BERITA DIY - Perserikatan Bangsa-Bangsa (PBB) menetapkan 30 Agustus 2021 sebagai Hari Anti Penghilangan Paksa Internasional sebagai gelombang perlawanan terhadap tindak kejahatan penghilangan orang secara paksa yang melanggar Hak Asasi Manusia (HAM).
Hari Anti Penghilangan Paksa Internasional melewati memontum sejarah panjang yang akan dibahas dalam artikel ini. Tujuan Hari Anti Penghilangan Paksa Internasional ini adalah untuk merawat ingatan tentang para korban yang menjadi target penghilangan paksa dan sampai saat ini tidak diketahui nasibnya.
Tidak dipungkiri, tindakan penghilangan orang secara paksa pernah terjadi di berbagai negara dunia. Para keluarga korban harus menanti tanpa kepastian apakah anggota keluarganya akan kembali atau tidak.
Selain permasalahan moral, kejahatan penghilangan paksa juga melanggar HAM yang seharusnya dilindungi oleh semua negara di dunia. Untuk menjamin HAM setiap warga dunia, PBB mendeklarasikan Hari Anti Penghilangan Paksa Internasional.

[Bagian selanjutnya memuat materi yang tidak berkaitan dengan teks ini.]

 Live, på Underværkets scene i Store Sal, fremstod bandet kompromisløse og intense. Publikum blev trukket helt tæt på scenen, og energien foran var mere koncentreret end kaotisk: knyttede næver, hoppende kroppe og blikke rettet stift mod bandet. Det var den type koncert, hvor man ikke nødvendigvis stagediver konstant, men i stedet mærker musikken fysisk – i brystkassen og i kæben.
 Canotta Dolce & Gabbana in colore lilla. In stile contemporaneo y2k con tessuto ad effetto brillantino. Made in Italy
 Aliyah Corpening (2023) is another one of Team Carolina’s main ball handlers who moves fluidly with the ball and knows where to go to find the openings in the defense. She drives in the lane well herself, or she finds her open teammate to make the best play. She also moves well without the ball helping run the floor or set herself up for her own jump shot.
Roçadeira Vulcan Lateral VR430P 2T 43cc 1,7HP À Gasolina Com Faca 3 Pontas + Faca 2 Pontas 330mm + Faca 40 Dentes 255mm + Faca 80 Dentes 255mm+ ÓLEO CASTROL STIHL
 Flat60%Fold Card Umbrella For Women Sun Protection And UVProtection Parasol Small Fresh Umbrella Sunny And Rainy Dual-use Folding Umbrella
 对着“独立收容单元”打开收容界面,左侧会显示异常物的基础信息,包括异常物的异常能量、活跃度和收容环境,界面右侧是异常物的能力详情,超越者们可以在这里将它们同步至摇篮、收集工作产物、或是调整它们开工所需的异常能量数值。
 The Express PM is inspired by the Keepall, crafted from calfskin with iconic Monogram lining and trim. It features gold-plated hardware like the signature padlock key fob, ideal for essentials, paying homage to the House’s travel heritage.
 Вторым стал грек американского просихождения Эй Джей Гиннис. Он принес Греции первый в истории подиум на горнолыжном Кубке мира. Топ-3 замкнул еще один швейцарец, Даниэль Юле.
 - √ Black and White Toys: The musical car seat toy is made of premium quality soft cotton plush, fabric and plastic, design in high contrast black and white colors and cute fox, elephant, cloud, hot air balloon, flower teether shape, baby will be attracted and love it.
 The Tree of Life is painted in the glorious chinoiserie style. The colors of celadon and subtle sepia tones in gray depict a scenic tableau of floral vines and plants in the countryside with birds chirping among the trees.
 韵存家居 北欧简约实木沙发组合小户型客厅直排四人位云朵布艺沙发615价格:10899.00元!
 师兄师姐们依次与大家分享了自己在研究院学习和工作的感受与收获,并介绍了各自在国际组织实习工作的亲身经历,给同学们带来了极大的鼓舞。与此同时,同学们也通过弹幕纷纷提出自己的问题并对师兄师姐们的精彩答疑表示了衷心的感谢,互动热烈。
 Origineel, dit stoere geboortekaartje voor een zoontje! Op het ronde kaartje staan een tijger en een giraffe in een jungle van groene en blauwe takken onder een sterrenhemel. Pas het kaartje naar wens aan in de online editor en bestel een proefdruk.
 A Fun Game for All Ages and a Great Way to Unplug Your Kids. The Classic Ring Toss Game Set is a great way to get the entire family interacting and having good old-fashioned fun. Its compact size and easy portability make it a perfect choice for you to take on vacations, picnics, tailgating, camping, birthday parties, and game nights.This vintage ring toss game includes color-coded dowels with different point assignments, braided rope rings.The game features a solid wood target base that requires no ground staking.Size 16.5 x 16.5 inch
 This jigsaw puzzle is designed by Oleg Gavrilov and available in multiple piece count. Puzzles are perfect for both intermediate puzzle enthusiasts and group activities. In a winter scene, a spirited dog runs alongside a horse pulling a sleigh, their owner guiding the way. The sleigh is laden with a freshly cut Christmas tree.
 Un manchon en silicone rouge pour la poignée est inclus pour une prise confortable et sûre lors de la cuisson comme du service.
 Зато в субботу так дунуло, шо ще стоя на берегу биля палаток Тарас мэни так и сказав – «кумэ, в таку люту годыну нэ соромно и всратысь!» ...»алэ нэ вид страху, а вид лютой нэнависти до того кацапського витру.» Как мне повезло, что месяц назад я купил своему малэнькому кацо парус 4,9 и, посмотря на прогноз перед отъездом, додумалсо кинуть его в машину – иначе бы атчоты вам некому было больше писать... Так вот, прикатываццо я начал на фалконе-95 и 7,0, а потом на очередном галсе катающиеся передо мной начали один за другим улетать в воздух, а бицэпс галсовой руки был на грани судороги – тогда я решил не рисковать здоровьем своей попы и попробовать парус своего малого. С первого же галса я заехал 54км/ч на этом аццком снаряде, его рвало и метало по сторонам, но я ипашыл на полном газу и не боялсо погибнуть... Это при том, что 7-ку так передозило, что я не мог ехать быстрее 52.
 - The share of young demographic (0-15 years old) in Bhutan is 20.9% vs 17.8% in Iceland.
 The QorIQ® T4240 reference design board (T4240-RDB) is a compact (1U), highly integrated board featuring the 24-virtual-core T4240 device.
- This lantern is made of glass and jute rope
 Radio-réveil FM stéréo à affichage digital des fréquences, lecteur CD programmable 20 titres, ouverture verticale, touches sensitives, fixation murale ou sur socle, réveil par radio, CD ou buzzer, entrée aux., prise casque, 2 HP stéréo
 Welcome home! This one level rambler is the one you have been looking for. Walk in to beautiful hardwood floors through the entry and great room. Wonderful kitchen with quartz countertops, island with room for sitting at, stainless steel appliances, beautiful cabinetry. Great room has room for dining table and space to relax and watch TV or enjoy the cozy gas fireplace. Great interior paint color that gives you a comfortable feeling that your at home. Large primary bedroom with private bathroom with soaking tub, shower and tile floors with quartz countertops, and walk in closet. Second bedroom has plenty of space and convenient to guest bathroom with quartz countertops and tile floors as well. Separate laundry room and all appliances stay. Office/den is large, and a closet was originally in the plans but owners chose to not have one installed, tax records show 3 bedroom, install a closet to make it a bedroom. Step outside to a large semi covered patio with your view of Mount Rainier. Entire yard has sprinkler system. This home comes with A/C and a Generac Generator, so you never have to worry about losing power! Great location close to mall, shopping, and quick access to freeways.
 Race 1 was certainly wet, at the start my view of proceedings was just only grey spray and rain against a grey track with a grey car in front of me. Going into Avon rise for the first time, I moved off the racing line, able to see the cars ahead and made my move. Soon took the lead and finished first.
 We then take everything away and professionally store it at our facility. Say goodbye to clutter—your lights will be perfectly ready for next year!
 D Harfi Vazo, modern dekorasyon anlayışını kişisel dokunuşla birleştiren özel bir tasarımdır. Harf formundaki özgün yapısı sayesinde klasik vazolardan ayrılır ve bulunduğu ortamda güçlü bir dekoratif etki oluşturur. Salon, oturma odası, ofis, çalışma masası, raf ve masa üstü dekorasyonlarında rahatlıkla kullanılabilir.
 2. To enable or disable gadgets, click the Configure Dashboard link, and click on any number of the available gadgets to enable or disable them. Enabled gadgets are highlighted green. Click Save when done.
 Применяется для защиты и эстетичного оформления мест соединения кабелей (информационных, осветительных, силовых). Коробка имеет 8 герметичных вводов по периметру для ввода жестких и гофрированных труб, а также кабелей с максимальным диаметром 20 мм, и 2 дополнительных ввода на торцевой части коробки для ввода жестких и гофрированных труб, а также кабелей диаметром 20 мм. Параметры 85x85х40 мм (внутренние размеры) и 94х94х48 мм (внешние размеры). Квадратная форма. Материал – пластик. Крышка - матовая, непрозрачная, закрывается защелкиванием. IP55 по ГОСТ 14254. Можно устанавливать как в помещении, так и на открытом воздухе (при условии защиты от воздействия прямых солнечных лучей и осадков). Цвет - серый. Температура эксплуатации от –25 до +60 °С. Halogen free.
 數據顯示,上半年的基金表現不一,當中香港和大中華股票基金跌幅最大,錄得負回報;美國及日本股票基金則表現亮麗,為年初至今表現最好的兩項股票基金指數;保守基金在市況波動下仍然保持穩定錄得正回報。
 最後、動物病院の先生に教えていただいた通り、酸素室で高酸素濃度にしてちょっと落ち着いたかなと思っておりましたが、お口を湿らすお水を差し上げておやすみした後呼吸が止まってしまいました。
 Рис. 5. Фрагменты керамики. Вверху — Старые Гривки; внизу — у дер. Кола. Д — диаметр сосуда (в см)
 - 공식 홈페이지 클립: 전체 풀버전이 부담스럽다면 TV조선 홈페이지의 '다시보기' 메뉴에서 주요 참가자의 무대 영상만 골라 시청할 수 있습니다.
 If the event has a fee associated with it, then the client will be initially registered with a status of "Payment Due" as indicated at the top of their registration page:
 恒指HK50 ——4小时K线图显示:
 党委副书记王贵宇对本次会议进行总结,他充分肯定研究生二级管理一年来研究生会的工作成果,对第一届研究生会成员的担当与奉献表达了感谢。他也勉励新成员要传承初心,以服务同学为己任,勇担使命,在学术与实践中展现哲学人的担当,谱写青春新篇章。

Dilansir dari komnasham.go.id, Komisi Nasional Hak Asasi Manusia (Komnas HAM) mencatat pernah terjadinya kasus penghilangan paksa di Indonesia pada masa-masa rentan konflik dari Orde Baru hingga masa Reformasi.
Pada konflik demonstrasi prodemokrasi 1997/1998, tercatat 13 aktivis hilang dan tidak diketahui keberadaannya. Pada kasus yang lain, diduga sebanyak 32.774 korban hilang pada Peristiwa 1965/1966 dan 23 korban pada Pembunuhan Misterius 1982-1985.
Sementara itu, ada 23 korban juga diduga hilang pada Peristiwa Tanjung Priok 1984 dan 88 korban pada Peristiwa Talangsari 1989.